Palestinian President Abbas condemns violence against civilians


Ramallah (Reuters) – Palestinian President Mahmoud Abbas condemned violence against civilians on Thursday in the wake of the devastating attack by Hamas gunmen on Israel and the relentless bombardment of the Gaza Strip by Israeli jets that followed.

The comments, made during a visit to Jordan, come ahead of a meeting with U.S. Secretary of State Antony Blinken and mark a shift from Abbas’ previous failure to condemn Saturday’s attack, during which more than 1,000 Israelis were killed.

“We reject the practices of killing civilians or abusing them on both sides because they contravene morals, religion and international law,” the official Palestinian news agency Wafa quoted Abbas as saying.

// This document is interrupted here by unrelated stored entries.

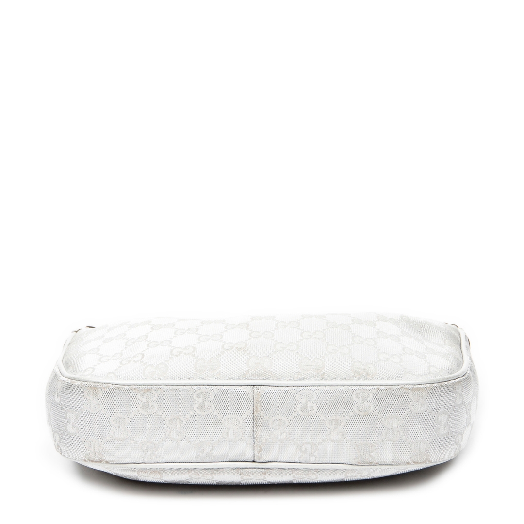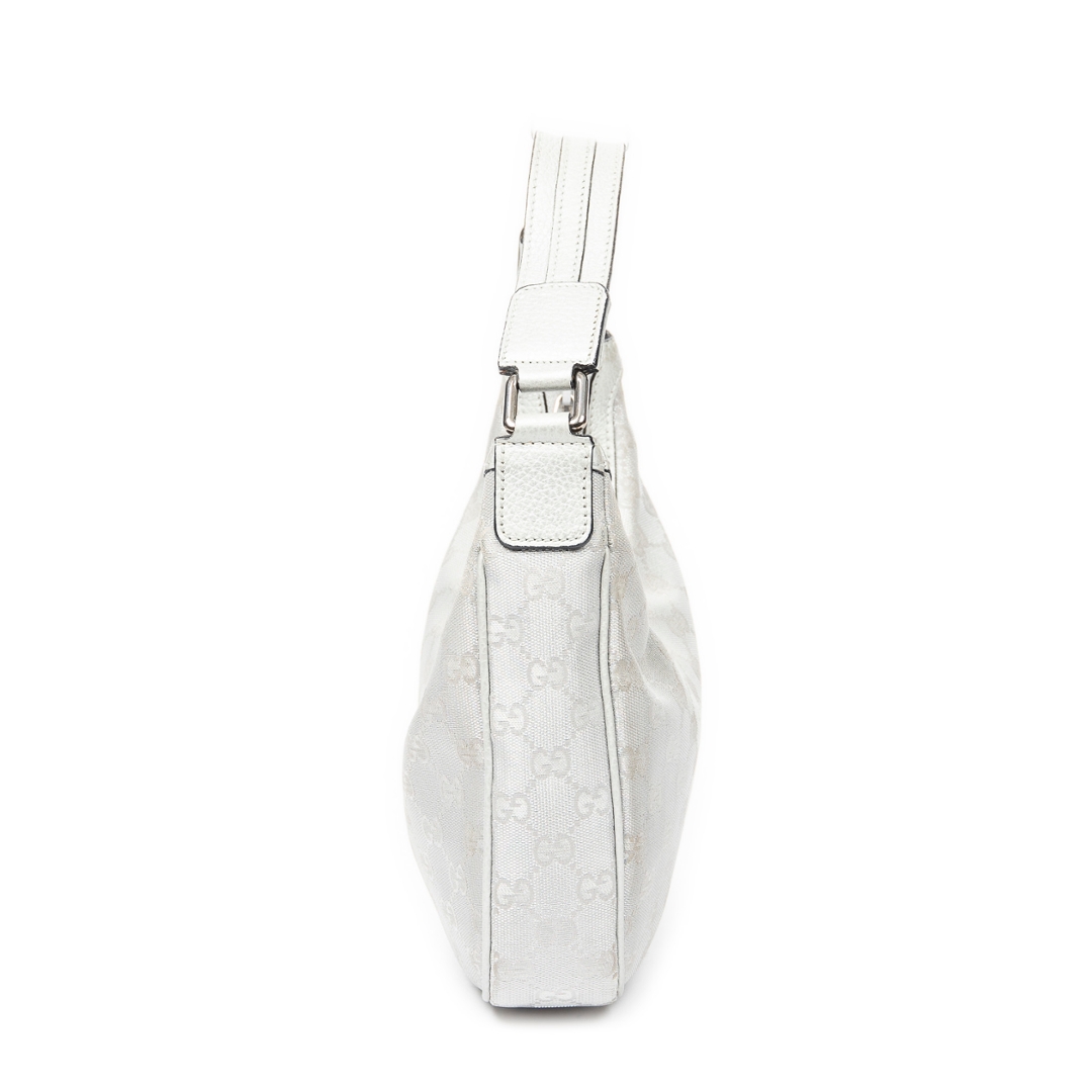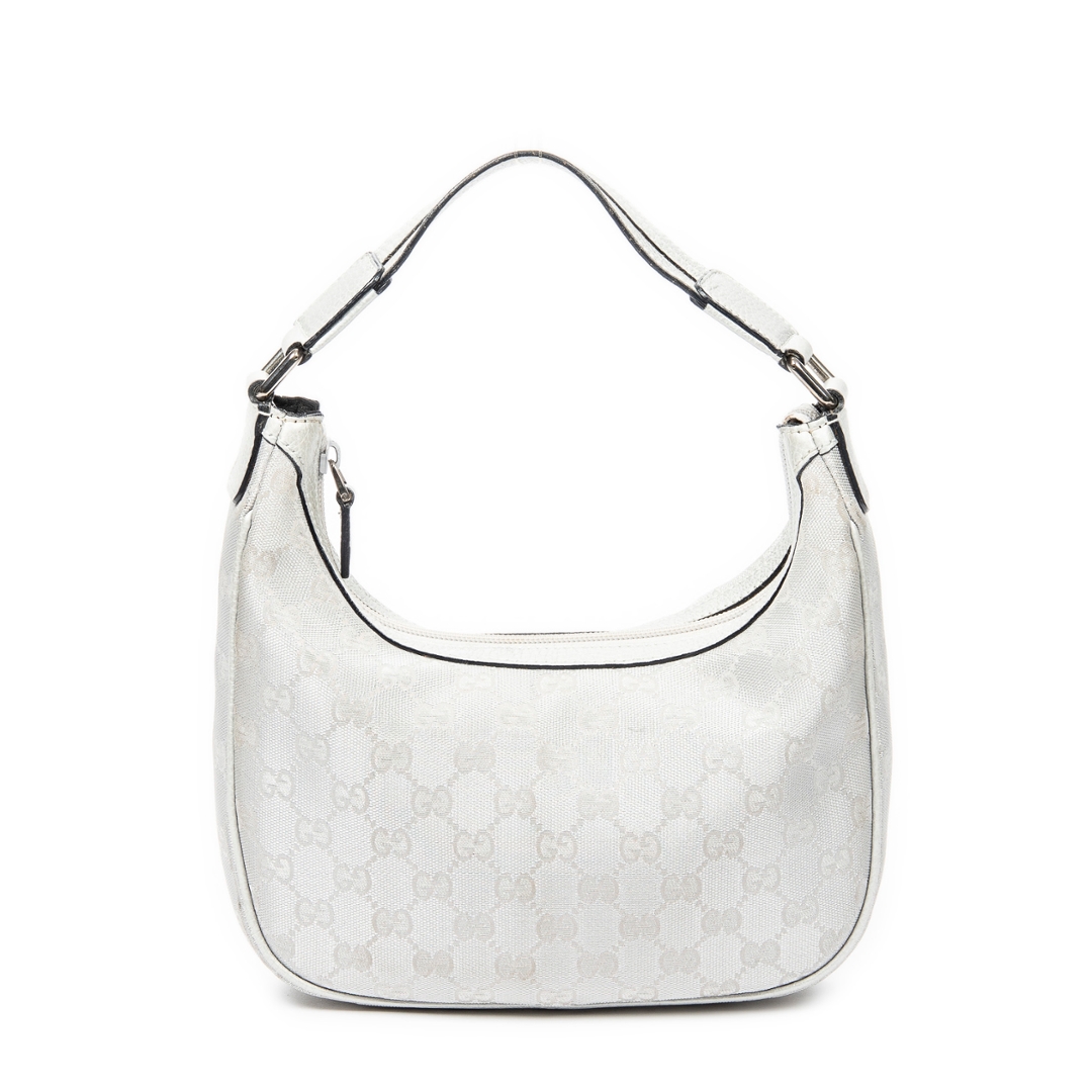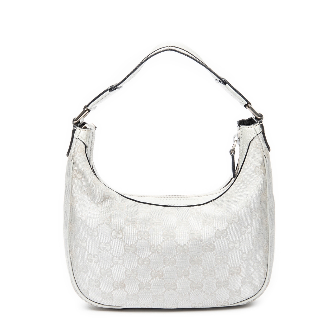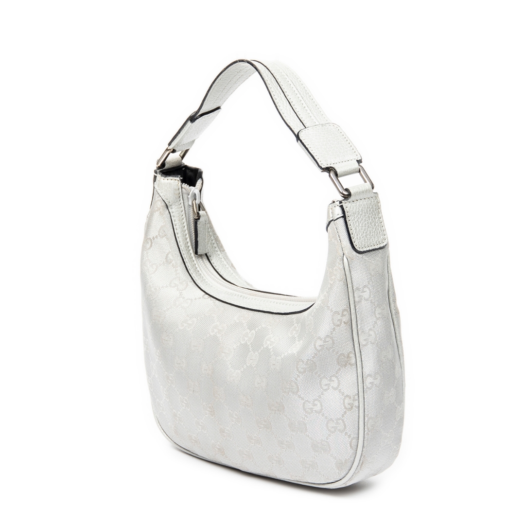 A vintage Gucci silver canvas Small Zip Hobo bag, a refined and contemporary take on one of Gucci’s most beloved silhouettes. Crafted from shimmering silver canvas embossed with the iconic GG monogram, this elegant piece captures the perfect balance of luxury and modern design. The soft, curved shape is complemented by smooth silver leather trim and a single structured handle, creating a look that’s both chic and understated.
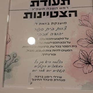 ערב ראש השנה תשפ"ג זכה צוות התחזוקה והשירות בבית הספר, בראשות מנהל התחזוקה הבית-ספרי, רועי קצב, בתעודת הצטיינות מטעם מינהל החינוך של עיריית תל-אביב יפו. התעודה ניתנה לצוות על המקצועיות, המסירות והנכונות של רועי והצוות המסור לענות, בכל עת וברגישות ויצירתיות, על צרכי בית הספר.
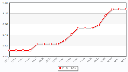 市場走勢分析:因就業報告顯示,12月份美國非農就業人數增幅不及此前預期,紐約商業交易所(NYMEX)原油價跌至三周來的最低水平,乙烯行情上揚為主。下游方面,聚酯切片市場較為安靜,成交清淡,市場以觀望為主。江浙滌絲產銷適度回落,多數為7-8成,部分稍高能勉強做平或略超,少數較低為5-6成,短期滌絲穩中小幅震蕩為主。滌短報價大都上漲。下游工廠經過前期的備貨之后,企業均具有一定的存貨,短期內備貨的積極性下降。下游紡織終端由于用工荒問題在節后將繼續困擾紡織服裝業,企業觀望較多。綜合以上因素,預計短期內乙二醇市場行情將以盤整走勢為主。

He said the Palestinian Authority, which exercises limited governance in the occupied West Bank and which has long been opposed to Hamas, the Islamist movement which controls Gaza, stood against violence and would pursue political action to achieve its goals.

On Thursday, Blinken added his voice to international condemnation of the attack but said he knew that Hamas did not represent the Palestinian people or their legitimate aspirations.

The West Bank, which Palestinians want as the core of a future state, has seen a wave of violence for more than 18 months that has fuelled fears of a repeat of the two Palestinian Intifadas or uprisings of the 1980s and early 2000s.

As Israel has reeled from the impact of Saturday’s unprecedented assault by Hamas gunmen, in which more than 1,200 Israelis were killed and Gaza has been subject to the most intense bombardment it has ever seen, the West Bank has been ominously volatile.

More than 30 people have been killed in the West Bank and East Jerusalem since Saturday and security forces are braced for further violence ahead of Friday prayers at the Al Aqsa mosque in Jerusalem.

Both Fatah, the faction which controls the Palestinian Authority, and Hamas, which has a strong presence in the West Bank, called for a “day of rage” protest on Friday.

The mosque, on a site in the Old City of Jerusalem holy to both Muslims and Jews who know it as the Temple Mount, is one of the most sensitive places in the Middle East and the trigger for repeated confrontations.

On Thursday, a Palestinian man was shot dead just outside the Old City after he apparently fired at a police station, Israeli police said.

Earlier, Israeli settlers in the West Bank killed two Palestinians when they opened fire on a funeral procession. A 37-year-old woman was also killed when she was shot by security forces near Ramallah, the main city in the West bank, according to Palestinian health services.